Olsen: What was it like working with Will Smith? I would imagine both as a producer and an actor, it must have been exciting to see him up close like that.
Ellis: It was. It was exciting, and exciting for a lot of reasons, you know, when I walked into the first day of rehearsal, there were Post-it index cards on the window of his office, and these Post-its were every note, every moment, every beat in the entire film. And it was just remarkable to see his work ethic in that way, to see how he worked, how seriously he took playing this character, to see how seriously he took telling the story.
Olsen: Not a lot of people outside the world of tennis have really known who Oracene is. She kind of existed in the shadow of Richard Williams, King Richard of the title, Venus and Serena’s father. How would you kind of describe Oracene‘s character and her role in the story of “King Richard”?
Ellis When I started doing my research to prepare for the audition and she was described as a coach, I really, really had a very, very cynical reaction to that. I thought that that was an overreach on her part. Yes, you are a doting, devoted mother, but that doesn’t make you a coach. And then when I found out the scope, how she figured into not just the personal lives of her daughters as this incredible mother, but how she taught them how to play: People don’t know that. Mr. Williams is a P.T. Barnum of the situation, right? He’s a salesman. But Miss Price is the one who’s on the court teaching them how to play, and particularly Serena. And she taught herself how to play so she could teach her girls how to play. But here’s the thing, she was doing this and being all the things that mothers are expected to be in the home. You know, she was their seamstress, she was their cook, she cleans. She had other jobs. She was doing all of this, you know, and being their coach, you know, I mean, the dexterity that mothers have that they should get applause at the end of the day for making happen, but they don’t, you know? So yeah, yeah, it’s incredible.

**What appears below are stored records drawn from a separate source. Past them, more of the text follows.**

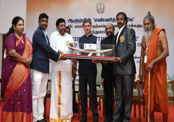 சென்னை கவர்னர் மாளிகையில் நடந்த எண்ணித் துணிக நிகழ்ச்சியில் பாரம்பரிய தற்காப்புக் கலை ஆசான்களுடன் கலந்துரையாடல் நிகழ்வில் கவர்னர் ரவிக்கு நினைவுப் பரிசு வழங்கிய தற்காப்புக் கலை ஆசான்கள்.இடம் : கிண்டி.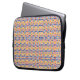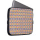 A laptop sleeve with a vibrant, intricate geometric pattern in yellow, blue, and pink. The tone is colorful and lively, enhancing the tech accessory.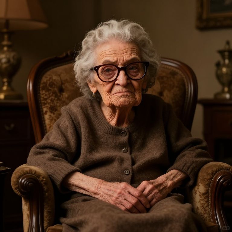 Photograph of elderly woman with curly white hair, glasses, brown cardigan, sitting in ornate armchair, hands clasped, dimly lit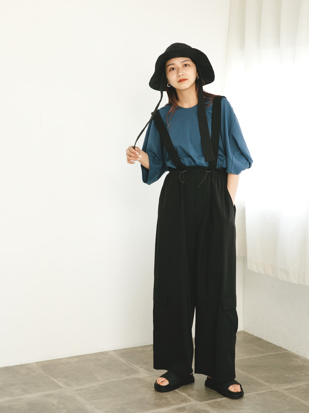着回し力抜群のサロペットをご紹介◎ サスペンダーデザインなのでボリューム袖のインナーとも相性抜群! ハットを合わせてカジュアルに仕上げました◎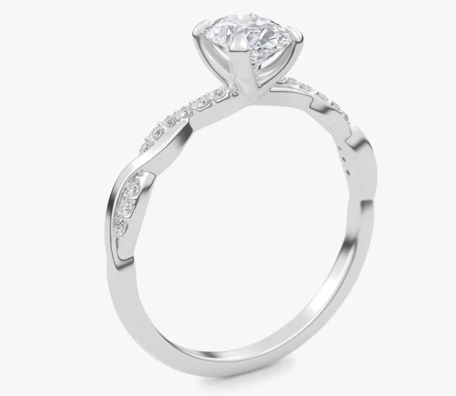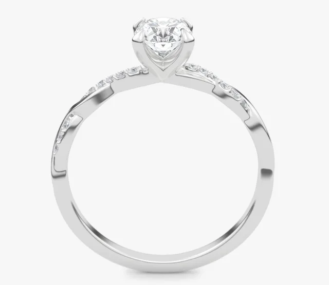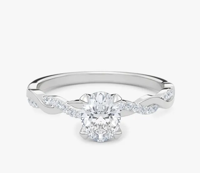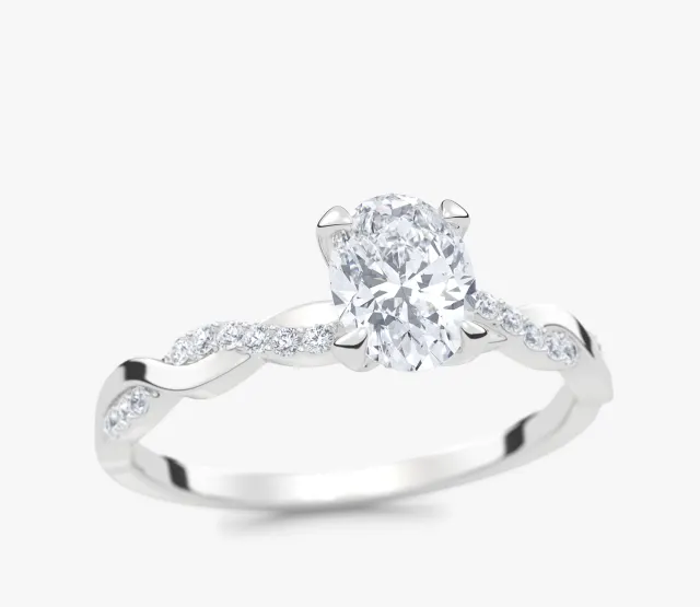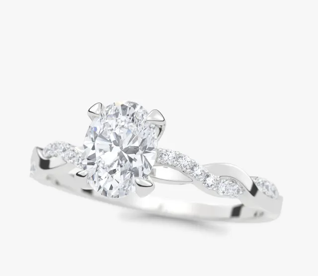 Pierścionek zaręczynowy Wila to kwintesencja subtelnej elegancji i naturalnej harmonii. Zachwyca niepowtarzalnym splotem obrączki, który symbolizuje splatanie się dwóch dróg w jedną wspólną historię. Centralny owalny diament lśni pełnią blasku, podkreślając wyjątkowość chwili, a towarzyszące mu drobne kamienie osadzone w oplatającej obrączce dodają całości lekkości i romantycznego charakteru.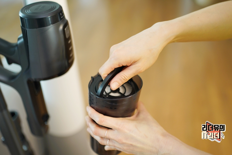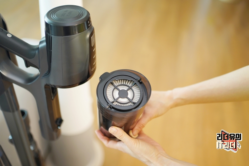 그리고 먼지통을 분리하면 위쪽에 프리필터를 분리하고 먼지통을 비울 수 있습니다. 먼지통에 모인 먼지가 2차 오염 되지 않도록 안전하게 보호를 하고 있습니다.

Olsen: Once you had the role, how did you kind of go about preparing in, like, a deeper way because I understand that you did not meet her — like you didn’t personally talk to her in preparing to shoot?
Ellis: No, I didn’t. I didn’t get a chance to. But what I had was these recordings that Will and Rei and [screenwriter] Zach [Baylin] had done with her. And I just listened to those recordings over and over and over again. They were my audiobook, you know? And the great thing about that is that I didn’t have to learn anything about her second-hand. Because with these recordings, she just talked about her life, you know? And I think if I had asked the questions, I would have been editing. It would have been in service of: How do I play you?

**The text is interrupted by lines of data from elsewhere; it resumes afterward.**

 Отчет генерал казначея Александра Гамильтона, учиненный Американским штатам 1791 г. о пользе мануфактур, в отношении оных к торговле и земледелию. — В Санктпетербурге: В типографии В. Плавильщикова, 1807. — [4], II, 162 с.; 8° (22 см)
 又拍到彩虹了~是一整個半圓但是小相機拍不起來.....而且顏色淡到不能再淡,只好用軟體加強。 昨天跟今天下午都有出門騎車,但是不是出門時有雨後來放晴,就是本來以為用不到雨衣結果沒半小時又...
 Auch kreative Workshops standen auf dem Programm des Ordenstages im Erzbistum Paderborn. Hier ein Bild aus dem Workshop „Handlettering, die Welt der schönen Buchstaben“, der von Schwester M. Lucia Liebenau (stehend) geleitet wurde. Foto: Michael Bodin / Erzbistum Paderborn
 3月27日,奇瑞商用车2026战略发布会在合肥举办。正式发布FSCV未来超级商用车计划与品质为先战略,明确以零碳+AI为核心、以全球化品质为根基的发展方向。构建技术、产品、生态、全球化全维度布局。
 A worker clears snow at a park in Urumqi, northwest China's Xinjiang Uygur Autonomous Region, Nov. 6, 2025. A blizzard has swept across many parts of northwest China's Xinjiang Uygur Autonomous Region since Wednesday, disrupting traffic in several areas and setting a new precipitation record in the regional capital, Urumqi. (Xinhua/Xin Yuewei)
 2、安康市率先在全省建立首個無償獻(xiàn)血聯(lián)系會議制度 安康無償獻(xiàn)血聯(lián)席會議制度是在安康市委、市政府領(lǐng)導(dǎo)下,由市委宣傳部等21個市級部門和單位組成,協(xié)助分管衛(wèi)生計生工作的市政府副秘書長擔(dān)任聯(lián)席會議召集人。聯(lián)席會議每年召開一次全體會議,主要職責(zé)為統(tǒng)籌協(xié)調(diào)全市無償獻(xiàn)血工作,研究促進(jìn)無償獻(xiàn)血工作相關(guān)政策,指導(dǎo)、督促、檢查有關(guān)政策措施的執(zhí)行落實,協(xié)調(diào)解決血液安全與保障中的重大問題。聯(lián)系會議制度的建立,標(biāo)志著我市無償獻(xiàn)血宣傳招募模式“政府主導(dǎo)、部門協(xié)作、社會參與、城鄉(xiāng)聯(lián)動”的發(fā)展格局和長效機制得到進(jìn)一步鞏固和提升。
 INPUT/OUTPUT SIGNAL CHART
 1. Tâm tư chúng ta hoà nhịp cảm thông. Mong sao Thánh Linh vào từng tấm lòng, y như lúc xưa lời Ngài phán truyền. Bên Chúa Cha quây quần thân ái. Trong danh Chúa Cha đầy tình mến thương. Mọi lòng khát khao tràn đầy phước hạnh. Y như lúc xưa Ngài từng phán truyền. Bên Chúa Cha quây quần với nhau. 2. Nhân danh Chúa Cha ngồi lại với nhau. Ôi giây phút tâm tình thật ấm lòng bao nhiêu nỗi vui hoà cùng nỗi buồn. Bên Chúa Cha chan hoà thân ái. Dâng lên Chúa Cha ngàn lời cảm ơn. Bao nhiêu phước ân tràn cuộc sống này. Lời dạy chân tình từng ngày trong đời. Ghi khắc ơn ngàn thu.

Olsen: I’ve heard you talk about, for you, there’s a distinction between playing a fictional character, even based on a real person, and doing sort of a documentary reenactment of that person. And it’s something I’ve never really heard actors talk about before. For you, what is that distinction like? What’s the difference between those two approaches?
Ellis: It’s why people pay me. You know what I mean? There’s an approach to doing this kind of documentary-style filmmaking, you know, and it can be reenactments, which would involve someone saying, “Oh, she doesn’t sound like Oracene Price.” Do you know what I mean? Maybe, “She doesn’t look like Oracene Price.” You know? But I have to let all that go and and try to find something that tells the truth of her without me trying to re-create that. You have to pick and choose what you dramatize.

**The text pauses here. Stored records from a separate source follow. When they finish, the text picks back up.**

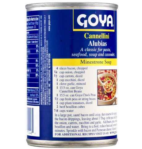 GOYA Cannellini 15.5 Oz. GOYA® Cannellini are delicious and versatile. They’re also a good source of fiber and fat free. Use them to make soups, stews and even tasty salads.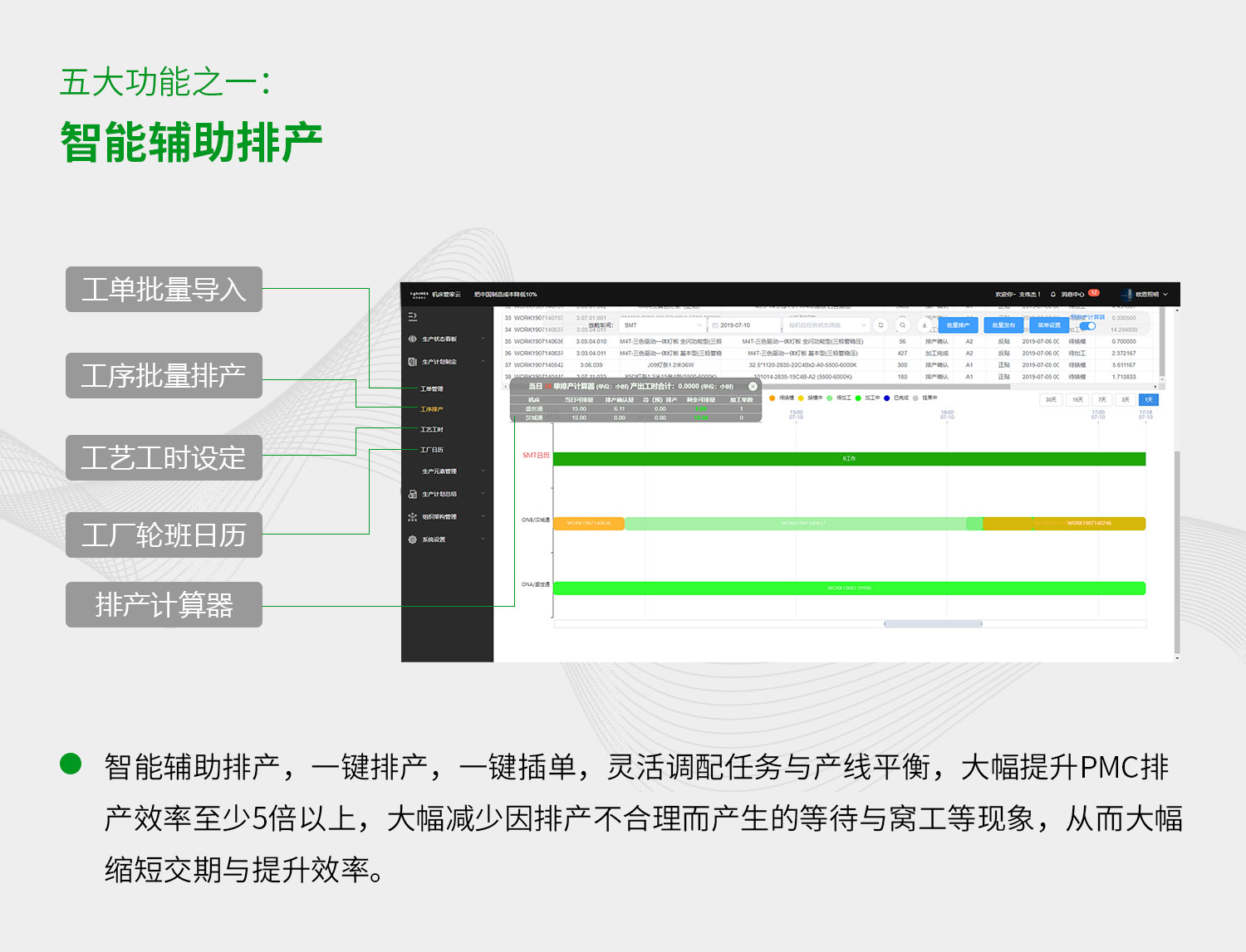 mes管理系統(tǒng)功能之一智能輔助排產(chǎn)。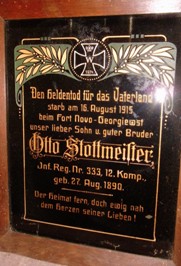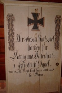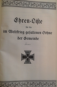 Gedenktafeln in der Kirche. Namenslisten 1. und 2. Weltkrieg aus der Dorfchronik. Ehrenliste für die Gefallenen des 1. Weltkriegs.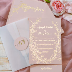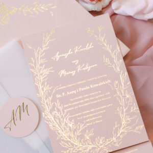 Różowe zaproszenia ślubne z tłoczeniem Wz-178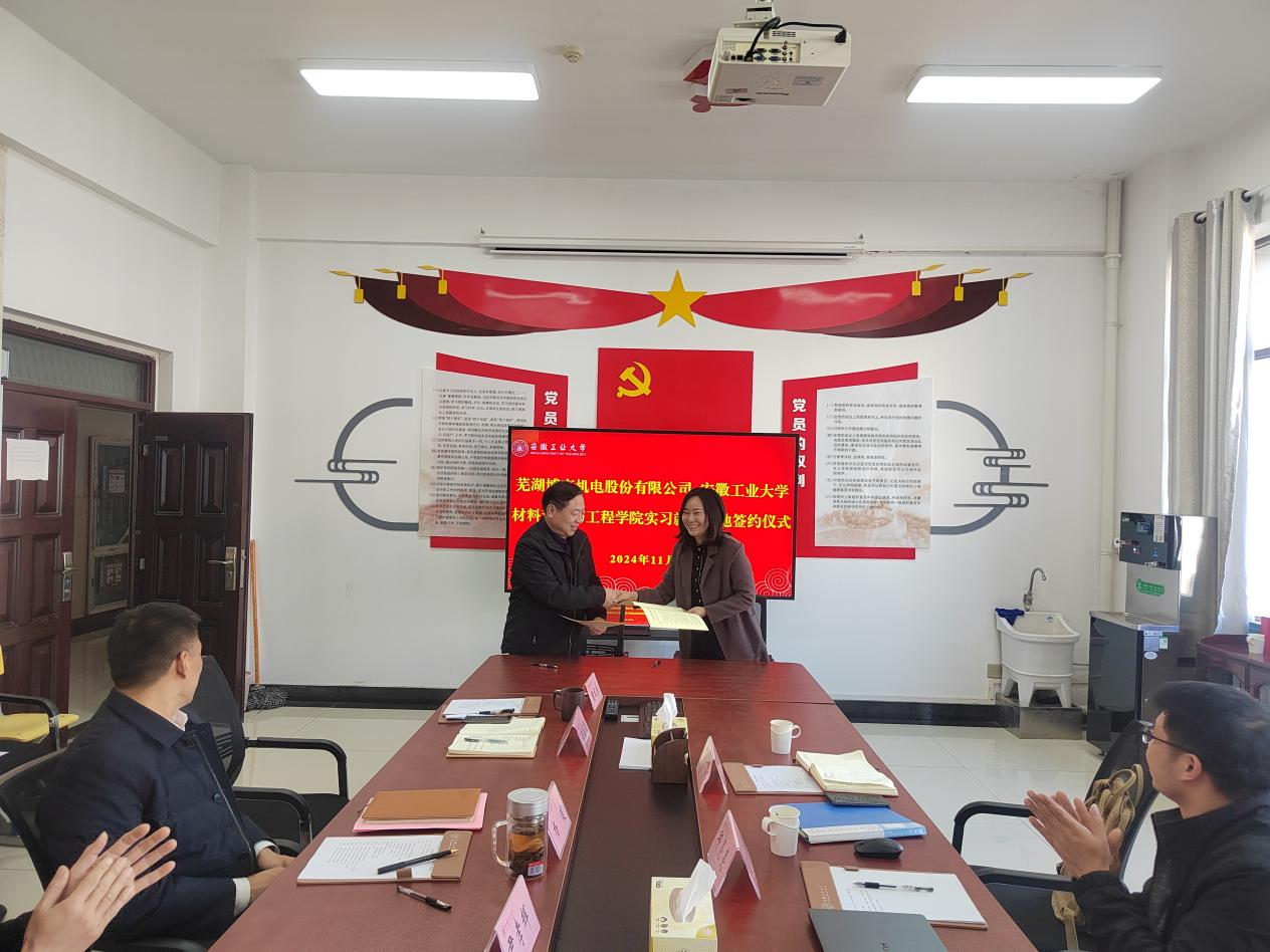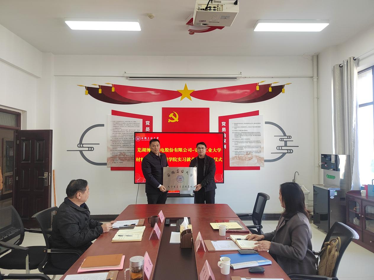 与芜湖博康机电股份有限公司在材料南楼405会议室召开座谈会,双方签订了校企合作就业实习实践基地协议并进行授牌。芜湖博康机电股份有限公司设计总监邱亮亮,芜湖博康机电股份有限公司人力资源总监刘燕,H视频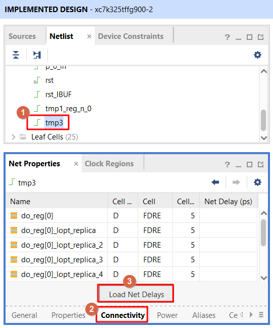 아래와 같이 "tmp3" Net를 클릭한 후, "Net Properties' 윈도우에서 "Connectivity" 탭을 클릭합니다, 그리고 "Load Net Delay" 버튼을 클릭합니다.

Olsen: I know this isn’t your first time playing a real person I’m thinking of when you played Sharonne Salaam and the mother of one of the Exonerated Five in “When They See Us.” Did you approach that part in the same way, like were they kind of the same?
Ellis: That was very different because Miss Salaam, I did talk to Miss Salaam and Miss Salaam was sometimes on set. The thing about Miss Salaam is that this woman’s child was stolen from her home by the New York justice system. So, you know, in that situation for Ava DuVernay and the rest of us who were involved in this. It was an act of restorative justice. And because of that, there’s a certain kind of demand on us. And it reopened that discussion that needed to happen about the injustice that happened to those young men. So it was a different kind of calculation. Where in Miss Oracene there was some liberty that I took there. That’s the character work that comes in. You know, how does someone, how does anyone, who has to share the space of someone like Richard Williams? How do they navigate that space? How do they do that? And I made sure also that I went to a church service, a worship service of the Jehovah’s Witnesses, because, at least at the time, Miss Oracene was a devout Jehovah’s Witness, you know, and doing that kind of work is really, really important.
Olsen: And as you mentioned, Oracene Price was self-taught as a tennis player and a coach. And I know you had to take some lessons to prepare for the role. And I’m just wondering, even just a little bit of training that you did, what kind of insight did it give you into what Oracene went through and how hard it must have been for her not only to teach yourself how to play, but to teach yourself how to be a coach. Like, what did you feel like you learned about her just through your own experiences playing tennis?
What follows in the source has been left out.